With the keyword searches, as you say, I think they would be more accurate if you had visibility to a word wheel where you can ‘road test’ the search term to see what variants would be returned.
Matthew
Hi Matthew,
I wouldn’t say the training documents were cherry picked. Other than the 2 seed documents, which were one random document that matches a keyword search for “biology” or “law” plus one random non-relevant document, the training documents were chosen by the software (not by me). The TAR 3.0 process is like CAL but applied to cluster centers only—you review the 10 unreviewed cluster centers having the highest scores, update predictions, then do it again a total of 20 times.
Clustify has the ability to ignore email header data (even if embedded in the middle of the email due to replies) and footers, so we don’t really run into that problem. I could certainly see that being a problem for clustering. It should be less of a problem for TAR (depending on the algorithm) since the algorithm should (roughly speaking) figure out what parts the relevant documents have in common that the non-relevant docs don’t contain and use those parts as indicators of relevance. Of course, if you are using the TAR 3.0 approach you are relying on the clusters, so you need them to be good.

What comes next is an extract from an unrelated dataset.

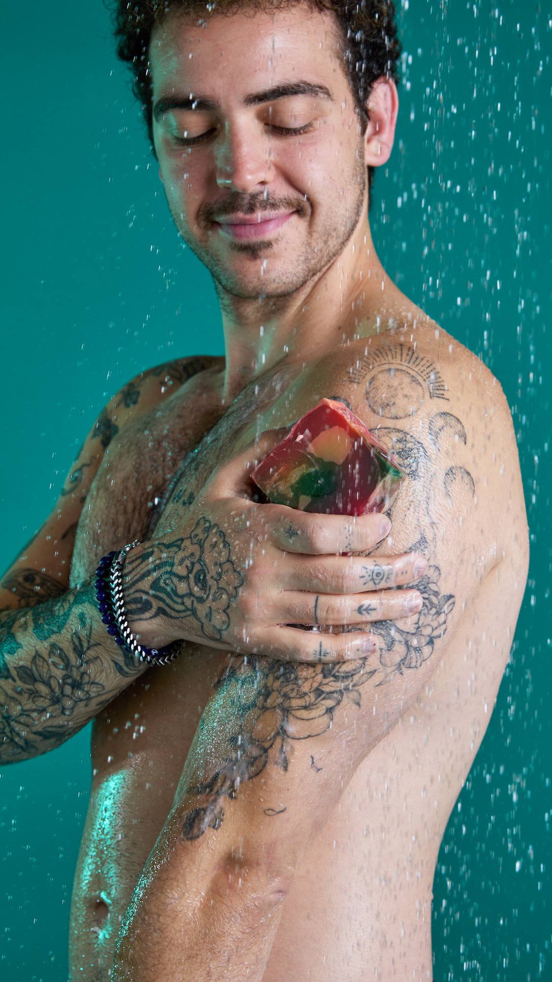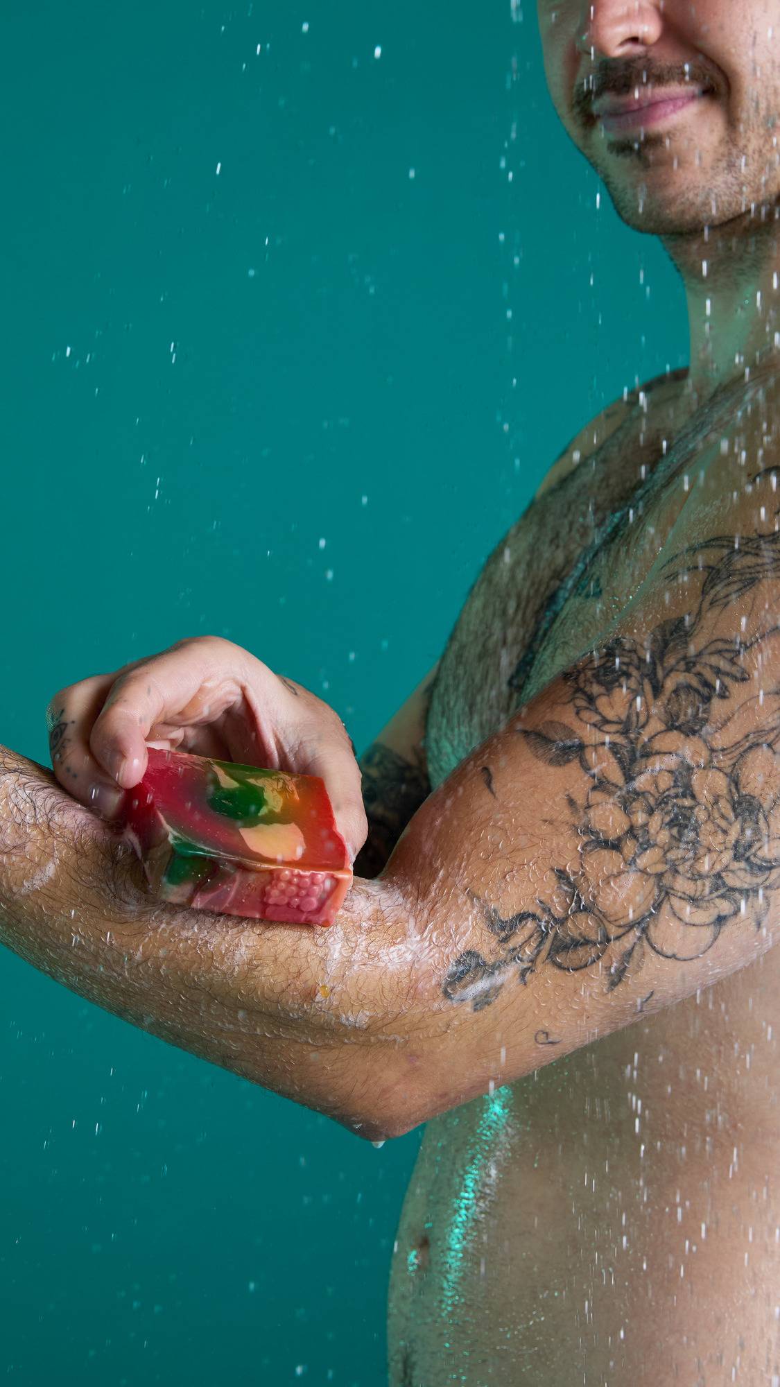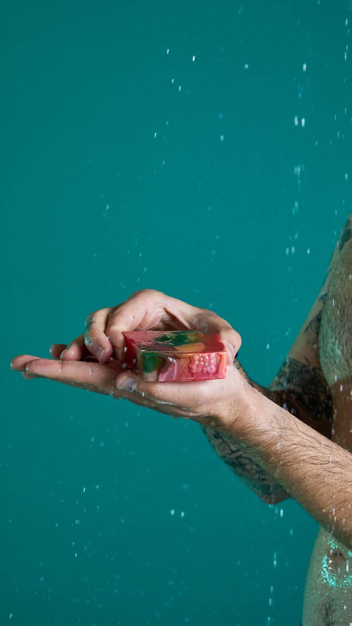 – Our proper soap is proper lovely and made the traditional way by saponification. We mix it by hand, adding in beautiful ingredients for their effects, pour it hot and let it cure before it takes pride of place by your sink. This coconut and rapeseed soap base gives a nice firm bar with fluffy bubbles — perfect for soap squidgers.

Yes, humans could probably do better if they could test their queries, but they would probably still lose. Some classification algorithms can generate a keyword search that sorts the documents the same as the TAR relevance score. When you do that (which I did during the talk), you find the TAR query contains hundreds or thousands of terms that are precisely weighted, including both positive and negative weights, to optimally sort the results, even taking word correlations into account (for many algorithms). It seems unlikely that a human would produce a better query.
Thanks Bill. That’s really interesting.